Born in 1980, Pittsford native Abby Wambach was a soccer star at Our Lady of Mercy High School (class of 1998) and the University of Florida (attending on a full athletic scholarship). A longtime player for the United States Women’s Team and regarded as one of the greatest soccer players of all time, she was on two gold medal Olympic teams (2004 and 2012) and scored 184 international goals, a record. She was named player of the year in international soccer in 2012. A onetime member of the Western New York Flash, she retired in 2015. In 2016, she released her unflinching memoir, “Forward,” which became a New York Times bestseller. She lives in Hermosa Beach, California.
Comic actress Kristen Wiig was born in 1973 in Canandaigua and graduated from Brighton High School in 1991 before moving to California to start her acting career. She returned to New York, making her “Saturday Night Live” debut in 2005. She stayed on the sketch-comedy show until 2012, developing such memorable characters as Gilly and the Target Lady.

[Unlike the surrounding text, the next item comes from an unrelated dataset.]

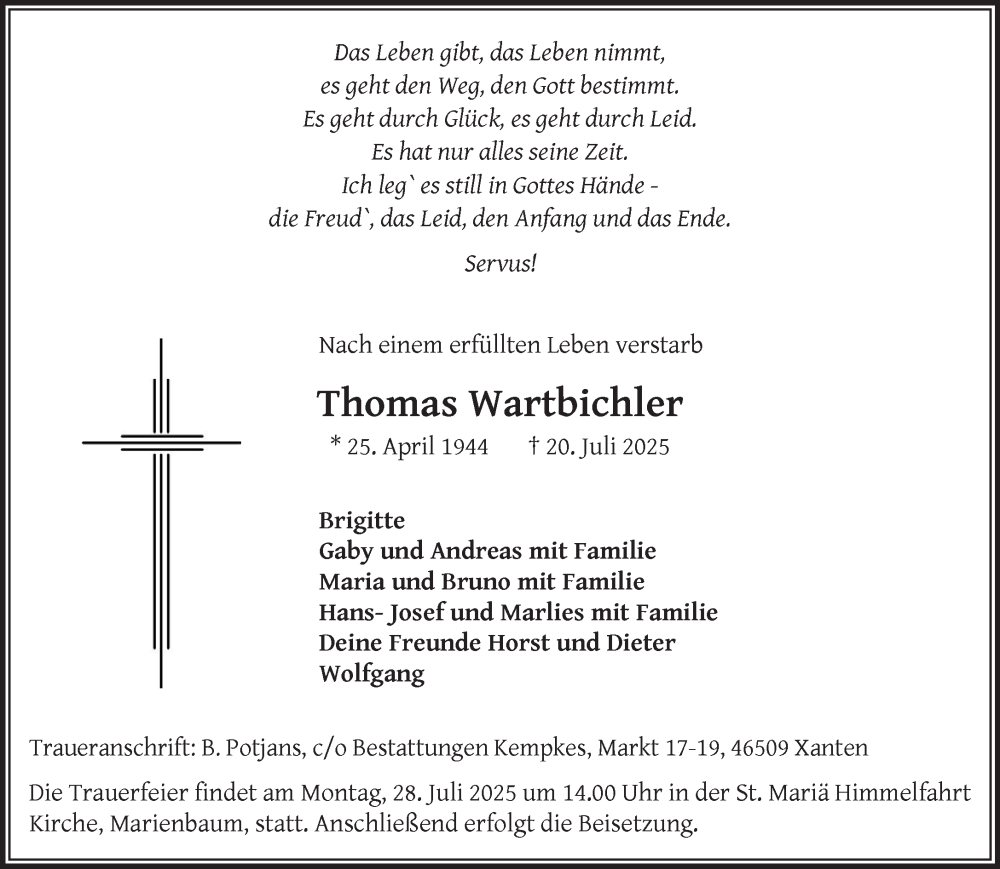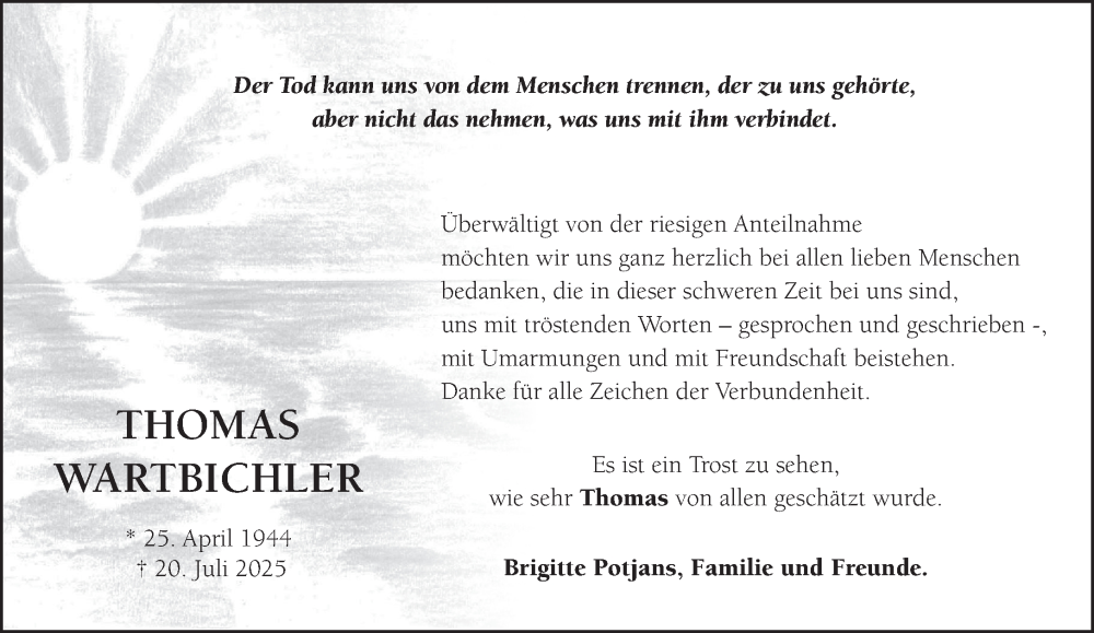 Hier finden Sie alle Traueranzeigen aus der Zeitung, die bisher für Thomas Wartbichler erschienen sind. Weitere Traueranzeigen, die in der Zeitung erscheinen, werden hier ebenfalls aufgelistet

Wiig co-wrote and starred in the 2011 movie “Bridesmaids,” which grossed more than $300 million worldwide. In a 2011 interview with The New York Times, “SNL” creator Lorne Michaels called her one of the “top three or four” performers ever to star on the show.
The illustrator of 47 Little Golden Books and many other children’s books, as well as the creator of the Baby Dear line of dolls, Eloise Burns Wilkin was born in 1904 in Rochester and spent much of her childhood in New York City before returning here with family. A 1923 graduate of the Rochester Athenaeum and Mechanics Institute (now RIT), she had a studio in Rochester with her friend Joan Esley before they both moved to New York City to further their careers. Wilkin returned here in 1930 to marry and after taking time out to raise four children, she began illustrating Golden Books in 1944 from her home in Canandaigua. She died in 1987.
Born in 1975, Roland Williams grew up in Rochester’s 19th Ward. After graduating from East High School in 1993, he went to Syracuse University, where he starred at tight end. In 1998, after earning his bachelor’s degree in speech communications, he played eight seasons in the National Football League, first with the Saint Louis Rams and then with the Oakland Raiders and the Tampa Bay Buccaneers. In 2015, he started the Champion Academy Extreme Mentoring & Empowerment Initiative, a program in Rochester that works with at-risk middle and high school students. He has been a sports analyst for several TV networks and is a partner in JP Medical Supply, Inc. He lives in Los Angeles.